Task statement —
Your task is to retype each line of the data below exactly.

Excerpted records —
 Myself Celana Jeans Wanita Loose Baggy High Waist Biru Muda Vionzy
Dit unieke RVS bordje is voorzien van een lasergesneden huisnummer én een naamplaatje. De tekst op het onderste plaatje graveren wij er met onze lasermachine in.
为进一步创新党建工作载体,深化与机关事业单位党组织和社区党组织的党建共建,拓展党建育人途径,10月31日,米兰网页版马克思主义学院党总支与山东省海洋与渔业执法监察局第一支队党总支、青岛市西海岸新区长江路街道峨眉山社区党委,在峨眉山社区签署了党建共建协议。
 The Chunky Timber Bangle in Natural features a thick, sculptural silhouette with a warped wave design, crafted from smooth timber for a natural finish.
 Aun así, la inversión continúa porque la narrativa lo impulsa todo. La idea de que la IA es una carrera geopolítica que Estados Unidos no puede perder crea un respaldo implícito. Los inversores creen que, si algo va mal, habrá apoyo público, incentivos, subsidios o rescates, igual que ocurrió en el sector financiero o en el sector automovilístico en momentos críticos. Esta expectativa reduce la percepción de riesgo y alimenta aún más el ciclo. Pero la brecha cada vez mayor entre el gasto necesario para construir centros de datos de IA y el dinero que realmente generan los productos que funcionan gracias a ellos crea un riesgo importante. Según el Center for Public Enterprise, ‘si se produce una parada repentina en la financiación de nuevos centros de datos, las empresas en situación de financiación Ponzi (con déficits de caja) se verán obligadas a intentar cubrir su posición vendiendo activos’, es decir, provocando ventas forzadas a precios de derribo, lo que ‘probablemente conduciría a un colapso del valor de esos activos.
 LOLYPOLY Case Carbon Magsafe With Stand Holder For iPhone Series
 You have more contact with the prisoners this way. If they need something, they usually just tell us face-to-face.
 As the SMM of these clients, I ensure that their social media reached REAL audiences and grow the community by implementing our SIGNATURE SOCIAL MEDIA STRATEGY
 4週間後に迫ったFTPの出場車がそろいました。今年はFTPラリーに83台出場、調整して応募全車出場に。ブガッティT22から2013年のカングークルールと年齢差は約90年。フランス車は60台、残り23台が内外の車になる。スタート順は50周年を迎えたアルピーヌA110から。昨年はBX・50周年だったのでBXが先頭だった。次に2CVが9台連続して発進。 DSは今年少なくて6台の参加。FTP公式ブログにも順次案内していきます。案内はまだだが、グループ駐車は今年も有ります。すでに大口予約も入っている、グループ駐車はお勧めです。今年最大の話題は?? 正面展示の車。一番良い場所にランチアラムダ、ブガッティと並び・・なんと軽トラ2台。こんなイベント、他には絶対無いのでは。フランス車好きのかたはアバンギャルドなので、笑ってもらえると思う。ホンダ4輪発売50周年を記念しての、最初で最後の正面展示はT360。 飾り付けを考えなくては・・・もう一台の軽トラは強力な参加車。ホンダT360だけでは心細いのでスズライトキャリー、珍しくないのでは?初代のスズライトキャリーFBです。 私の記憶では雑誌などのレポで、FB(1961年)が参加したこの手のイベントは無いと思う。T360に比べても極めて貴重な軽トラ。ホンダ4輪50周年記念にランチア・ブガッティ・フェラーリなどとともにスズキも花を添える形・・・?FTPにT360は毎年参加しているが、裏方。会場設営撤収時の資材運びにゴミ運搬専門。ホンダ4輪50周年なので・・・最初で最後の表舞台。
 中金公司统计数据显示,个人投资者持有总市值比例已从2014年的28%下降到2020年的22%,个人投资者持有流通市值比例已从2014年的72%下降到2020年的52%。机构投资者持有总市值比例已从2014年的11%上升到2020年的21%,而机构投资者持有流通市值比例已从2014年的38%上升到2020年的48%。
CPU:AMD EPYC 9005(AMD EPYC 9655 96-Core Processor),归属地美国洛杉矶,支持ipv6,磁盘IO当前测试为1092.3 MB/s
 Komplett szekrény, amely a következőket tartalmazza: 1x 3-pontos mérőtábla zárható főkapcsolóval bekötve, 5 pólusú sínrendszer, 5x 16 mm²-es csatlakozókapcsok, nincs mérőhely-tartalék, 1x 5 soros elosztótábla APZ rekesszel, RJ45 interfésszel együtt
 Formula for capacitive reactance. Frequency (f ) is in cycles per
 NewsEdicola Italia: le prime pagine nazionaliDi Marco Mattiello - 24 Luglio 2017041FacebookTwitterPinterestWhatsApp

Solution to this problem —
 Myself Celana Jeans Wanita Loose Baggy High Waist Biru Muda Vionzy
Dit unieke RVS bordje is voorzien van een lasergesneden huisnummer én een naamplaatje. De tekst op het onderste plaatje graveren wij er met onze lasermachine in.
为进一步创新党建工作载体,深化与机关事业单位党组织和社区党组织的党建共建,拓展党建育人途径,10月31日,米兰网页版马克思主义学院党总支与山东省海洋与渔业执法监察局第一支队党总支、青岛市西海岸新区长江路街道峨眉山社区党委,在峨眉山社区签署了党建共建协议。
 The Chunky Timber Bangle in Natural features a thick, sculptural silhouette with a warped wave design, crafted from smooth timber for a natural finish.
 Aun así, la inversión continúa porque la narrativa lo impulsa todo. La idea de que la IA es una carrera geopolítica que Estados Unidos no puede perder crea un respaldo implícito. Los inversores creen que, si algo va mal, habrá apoyo público, incentivos, subsidios o rescates, igual que ocurrió en el sector financiero o en el sector automovilístico en momentos críticos. Esta expectativa reduce la percepción de riesgo y alimenta aún más el ciclo. Pero la brecha cada vez mayor entre el gasto necesario para construir centros de datos de IA y el dinero que realmente generan los productos que funcionan gracias a ellos crea un riesgo importante. Según el Center for Public Enterprise, ‘si se produce una parada repentina en la financiación de nuevos centros de datos, las empresas en situación de financiación Ponzi (con déficits de caja) se verán obligadas a intentar cubrir su posición vendiendo activos’, es decir, provocando ventas forzadas a precios de derribo, lo que ‘probablemente conduciría a un colapso del valor de esos activos.
 LOLYPOLY Case Carbon Magsafe With Stand Holder For iPhone Series
 You have more contact with the prisoners this way. If they need something, they usually just tell us face-to-face.
 As the SMM of these clients, I ensure that their social media reached REAL audiences and grow the community by implementing our SIGNATURE SOCIAL MEDIA STRATEGY
 4週間後に迫ったFTPの出場車がそろいました。今年はFTPラリーに83台出場、調整して応募全車出場に。ブガッティT22から2013年のカングークルールと年齢差は約90年。フランス車は60台、残り23台が内外の車になる。スタート順は50周年を迎えたアルピーヌA110から。昨年はBX・50周年だったのでBXが先頭だった。次に2CVが9台連続して発進。 DSは今年少なくて6台の参加。FTP公式ブログにも順次案内していきます。案内はまだだが、グループ駐車は今年も有ります。すでに大口予約も入っている、グループ駐車はお勧めです。今年最大の話題は?? 正面展示の車。一番良い場所にランチアラムダ、ブガッティと並び・・なんと軽トラ2台。こんなイベント、他には絶対無いのでは。フランス車好きのかたはアバンギャルドなので、笑ってもらえると思う。ホンダ4輪発売50周年を記念しての、最初で最後の正面展示はT360。 飾り付けを考えなくては・・・もう一台の軽トラは強力な参加車。ホンダT360だけでは心細いのでスズライトキャリー、珍しくないのでは?初代のスズライトキャリーFBです。 私の記憶では雑誌などのレポで、FB(1961年)が参加したこの手のイベントは無いと思う。T360に比べても極めて貴重な軽トラ。ホンダ4輪50周年記念にランチア・ブガッティ・フェラーリなどとともにスズキも花を添える形・・・?FTPにT360は毎年参加しているが、裏方。会場設営撤収時の資材運びにゴミ運搬専門。ホンダ4輪50周年なので・・・最初で最後の表舞台。
 中金公司统计数据显示,个人投资者持有总市值比例已从2014年的28%下降到2020年的22%,个人投资者持有流通市值比例已从2014年的72%下降到2020年的52%。机构投资者持有总市值比例已从2014年的11%上升到2020年的21%,而机构投资者持有流通市值比例已从2014年的38%上升到2020年的48%。
CPU:AMD EPYC 9005(AMD EPYC 9655 96-Core Processor),归属地美国洛杉矶,支持ipv6,磁盘IO当前测试为1092.3 MB/s
 Komplett szekrény, amely a következőket tartalmazza: 1x 3-pontos mérőtábla zárható főkapcsolóval bekötve, 5 pólusú sínrendszer, 5x 16 mm²-es csatlakozókapcsok, nincs mérőhely-tartalék, 1x 5 soros elosztótábla APZ rekesszel, RJ45 interfésszel együtt
 Formula for capacitive reactance. Frequency (f ) is in cycles per
 NewsEdicola Italia: le prime pagine nazionaliDi Marco Mattiello - 24 Luglio 2017041FacebookTwitterPinterestWhatsApp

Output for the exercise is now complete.